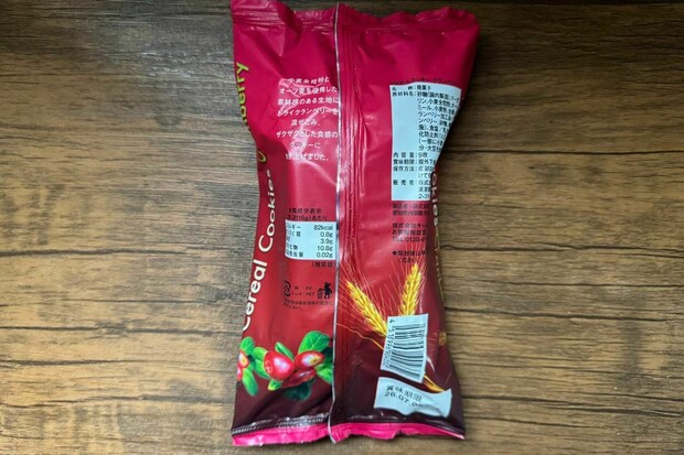 赤いパッケージが売り場でも目を引く、グランベリーのシリアルクッキー。小麦全粒粉とオーツ麦で作った生地に、ドライクランベリーを練り込んでいます。
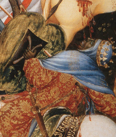 Paintings and miniatures of this period from France and England sometimes include depictions of trefoil pommels, sometimes in combination with the curved guards also seen in Spain (and the Jerpoint stone above).
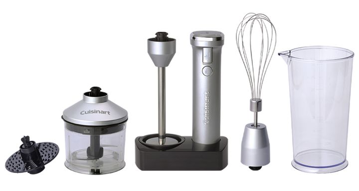 クイジナート コードレス充電式ハンドブレンダー RHB-1070J ¥18,700(編集部調べ)/コンエアージャパン <ブレンダー>幅60×奥行65×高375mm<ウィスク>幅60×奥行65×高420mm<チョッパー>幅120×奥行120×高315mm<おろしディスク>幅120×奥行120×高315mm<充電スタンド>幅150×奥行90×高38mm
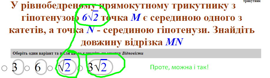 На малюнку праворуч наведено скрін з іншого навчального сайту і відмічено фрагменти вирішення цієї проблеми. А саме фрагменти з показом математичних виразів з використанням радікалу.
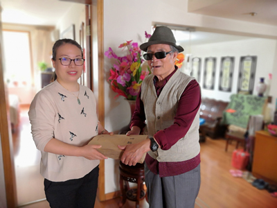 近几年,我馆始终坚持为老人送书上门,通过沟通与了解,姚大爷对新时代,新知识的渴望和需求后,定期为他送去歌曲集、医疗养生、盲文图书等内容的资料,受到了老人及家人的欢迎。
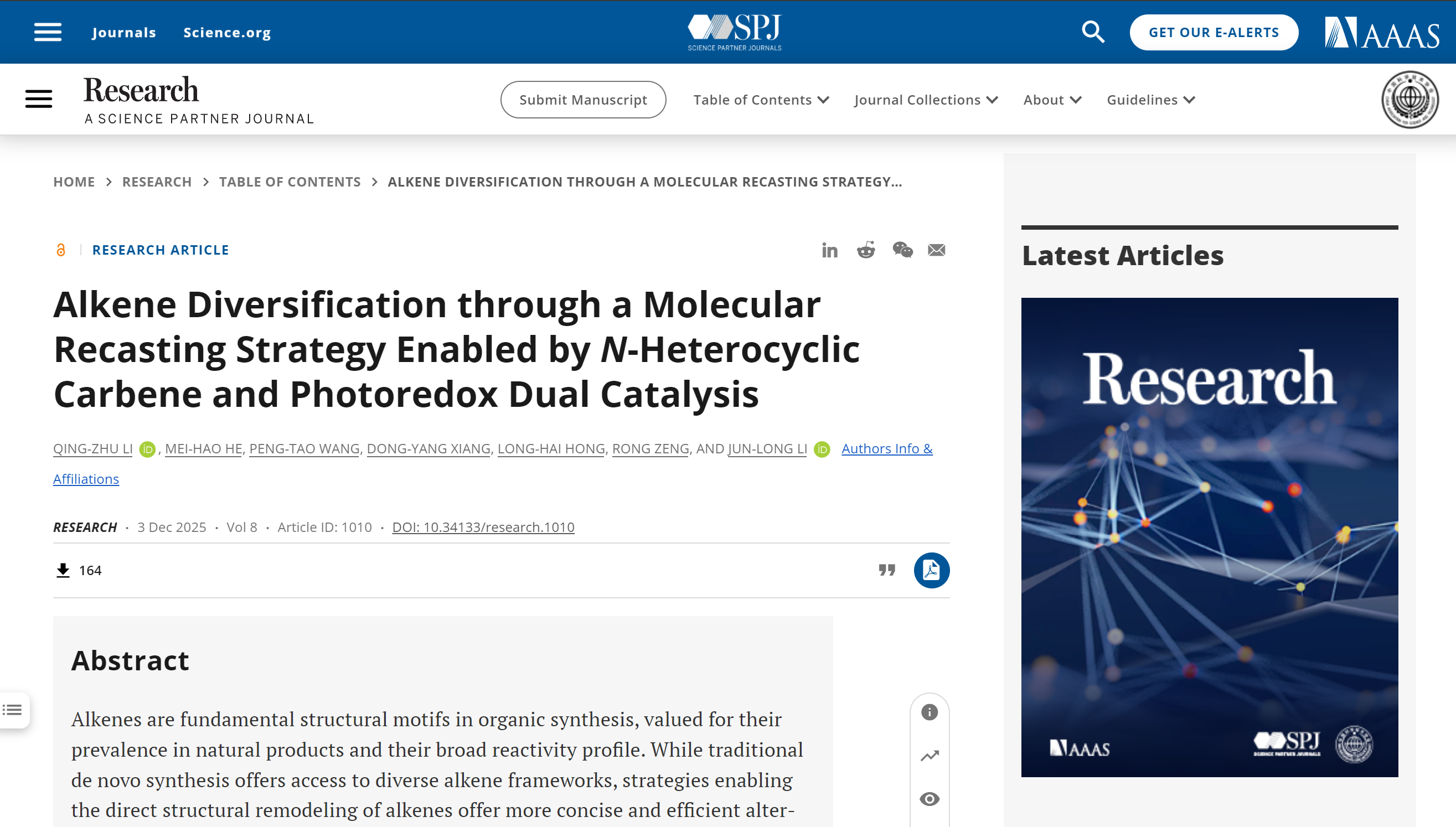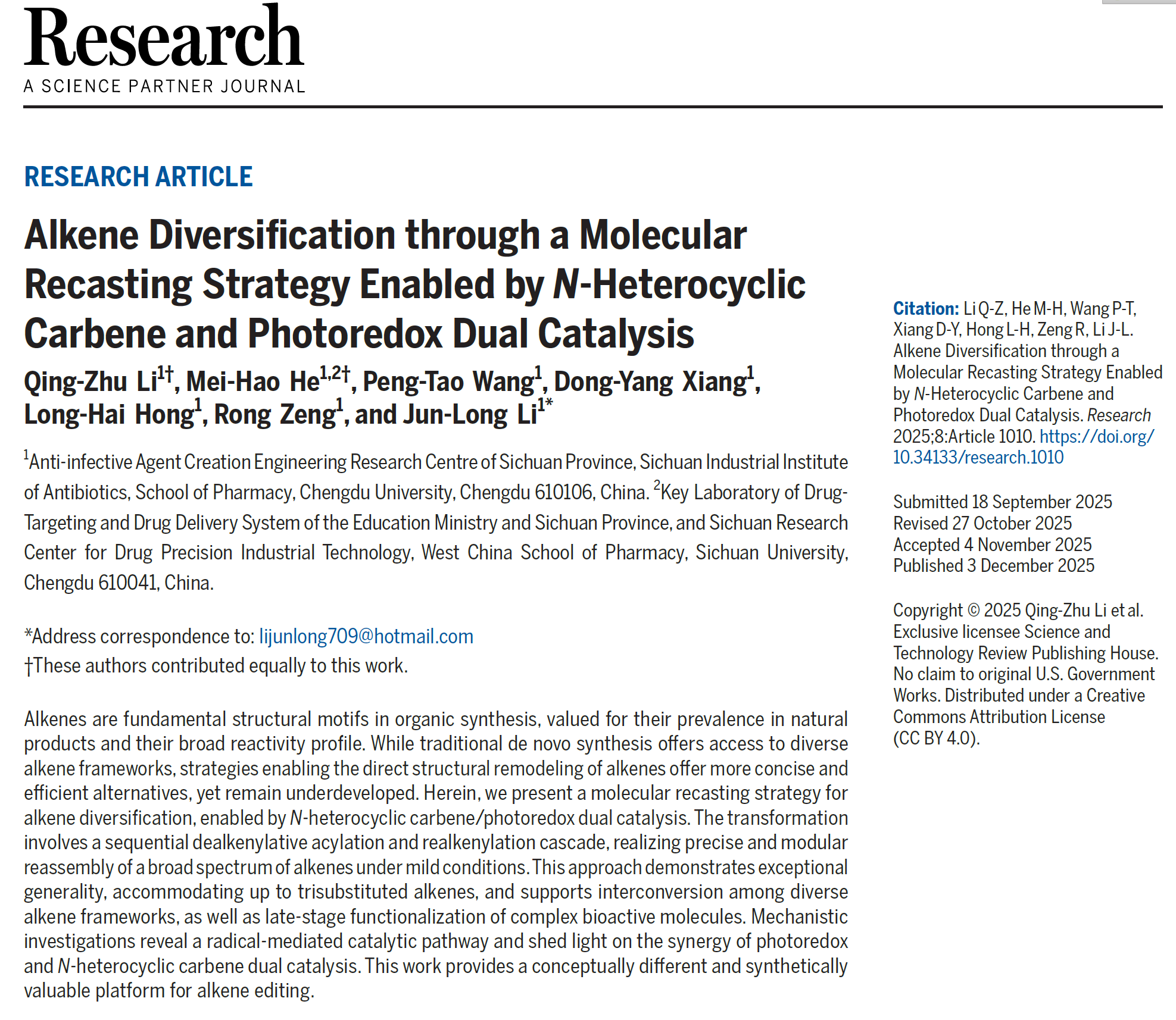 近期,国际著名学术期刊《Research》(该期刊为《Science》自1880年创刊以来的第一本伙伴期刊(Science Partner Journal, SPJ),中科院一区top,影响因子10.7)发表了我校手性及仿生合成研究团队的最新研究成果“Alkene Diversification through a Molecular Recasting Strategy Enabled by N-Heterocyclic Carbene and Photoredox Dual Catalysis”。成都大学为该成果的唯一通讯单位,体育平台

────────────────────────────────────────

#### [Instructions for the task]
Exactly the lines from the start of the entries above through the line with "Paintings and miniatures" should be reproduced, and nothing else; drop the pictures.

#### [Written solution]
 赤いパッケージが売り場でも目を引く、グランベリーのシリアルクッキー。小麦全粒粉とオーツ麦で作った生地に、ドライクランベリーを練り込んでいます。
 Paintings and miniatures of this period from France and England sometimes include depictions of trefoil pommels, sometimes in combination with the curved guards also seen in Spain (and the Jerpoint stone above).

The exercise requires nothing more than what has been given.